Por Carmen Vildoso Ch. Socióloga
Hemos tenido un feriado, como cada año, por el Día del Trabajo. Sin embargo, al 2008, en Lima Metropolitana, trabajar más de ocho horas es "lo normal" en todos los niveles socioeconómicos (NSE). Quienes trabajan más de 10 o más de 12 horas, sumados, se acercan al 30%. Una de cada cuatro personas que trabaja (sin importar el nivel económico) tiene una ocupación complementaria. En pleno siglo XXI no podemos garantizar una demanda del siglo XIX.
Según la IX Encuesta Anual de Empleo de la Universidad de Lima, de la que tomamos estas cifras, la vivencia laboral, suscita satisfacción y temor. La mayoría se declara satisfecha con su trabajo, pero el miedo a perderlo alcanza al 45% de los entrevistados. Solo en el NSE A hay un grupo significativo que considera que sus ingresos han mejorado. La gran mayoría de trabajadores en el nivel E quisiera cambiar de empleo; lo que también se da en los niveles C y D. Además del deseo de obtener mayores ingresos, otras razones para ello son experimentar otro trabajo (en los segmentos A y B) o tratar de contar con estabilidad laboral (segmentos C, D y E).
Entre el 40% y el 50% de los entrevistados que trabajan en empresas formales --según se trate de los niveles A-B y de los niveles C-D-E, respectivamente-- opinan que sus oportunidades de promoción son regulares, malas o muy malas. Este dato hace pensar que los entrevistados han alineado su grado de satisfacción con un bajo nivel de expectativas respecto al mercado laboral. En todos los niveles hay una percepción de poca estabilidad laboral. Los trabajadores de menores ingresos tienen una negativa percepción de la situación del empleo en el futuro, que probablemente explique por qué declaran una elevada disposición a trabajar en el extranjero.

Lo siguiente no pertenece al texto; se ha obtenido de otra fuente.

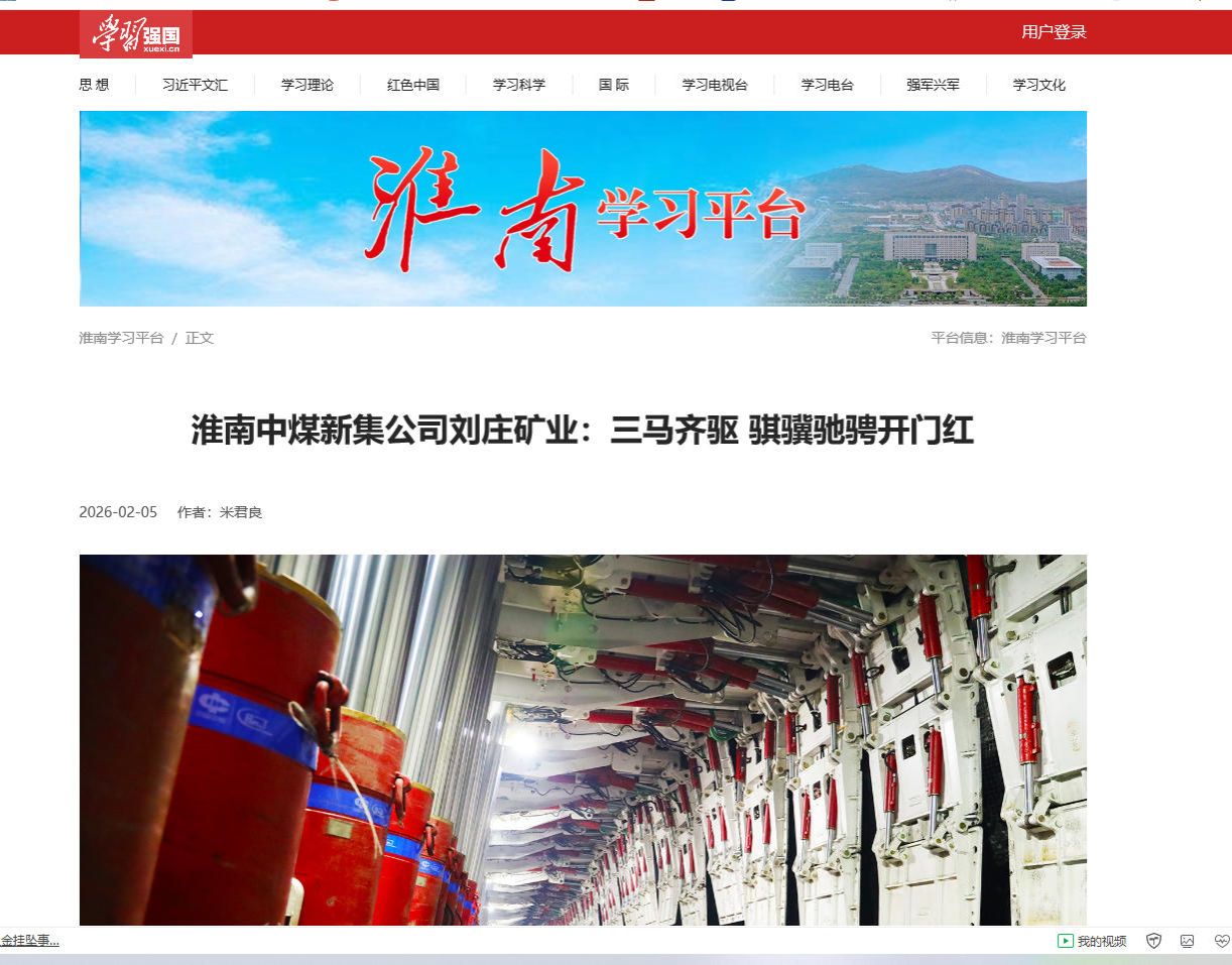 首月生产经营全线飘红、战绩亮点纷呈。中煤集团新集公司刘庄矿业矿井商品煤产量、掘进进尺、煤质、利润分别完成计划的106.39%、118.74%、104.45%、141.92%。各项核心指标均超额完成计划目标,高质量实现新年“开门红”,以良好成绩吹响“十五五”开局攻坚的冲锋号。

Por su parte, el Instituto de Opinión Pública de la PUCP ha realizado una encuesta que se presta para analizar la visión que tienen los limeños de los empresarios y de los trabajadores peruanos. La percepción más extendida que se tiene de los empresarios es que no respetan los derechos de los trabajadores. Empresarios y trabajadores son criticados por falta de honestidad. A ambos se les reconoce creatividad e innovación. Se cuestiona a los empresarios en cuanto a su capacidad para competir en el extranjero y a los trabajadores por el esfuerzo que hacen o no por capacitarse mejor. Hay imágenes encontradas respecto a hasta qué punto los empresarios piensan en el futuro del país y los trabajadores en el bienestar de su empresa. Al final, la noción que los entrevistados parecen tener es la de dos colectividades que comparten la misma cancha, jugando cada una su propio partido. Salvo excepciones, en las empresas no se gesta comunidad productiva. No ha llegado a concretarse, en el país, un pacto por la inversión y el empleo digno. Sin él, podemos tener crecimiento, pero no garantizar el derecho a jornadas laborales de ocho horas que permitan atender las necesidades de ingreso de las familias.
Secretaria técnica del Acuerdo Nacional.